**What you are asked to do**. Beginning at the line that holds "Helium content may", repeat every line through the last line of the material, exactly, and drop any pictures.

[Data below]

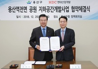 HDC현대산업개발은 전날 용산구와 '용산역전면 공원 지하공간 개발사업'의 사업협약을 체결했다고 21일 밝혔다.이 사업은 용산역 전면 한강로2가 365번지 일대 4000여평의 공원조성 예정부지에 지하공간을 개발하고 운영하는 BTO(Build-Transfer-Operate
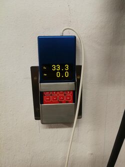 Helium content may also be determined on the basis of measuring the speed of sound in the analyzed gas mixture.[3] The speed of sound depends on the mixture of gases and the temperature of the mix; in the analysis of trimix the speed of sound can be described by a non-linear function of temperature, oxygen content and helium content, and thus the content of helium can be determined by measuring the speed of sound through the mix, the temperature of the mix and its oxygen content.
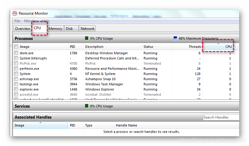 然后切换到cpu选项卡,将进程选择按照cpu占用率从高到低排序

[/Data below]

**Finished exercise**.
 Helium content may also be determined on the basis of measuring the speed of sound in the analyzed gas mixture.[3] The speed of sound depends on the mixture of gases and the temperature of the mix; in the analysis of trimix the speed of sound can be described by a non-linear function of temperature, oxygen content and helium content, and thus the content of helium can be determined by measuring the speed of sound through the mix, the temperature of the mix and its oxygen content.
 然后切换到cpu选项卡,将进程选择按照cpu占用率从高到低排序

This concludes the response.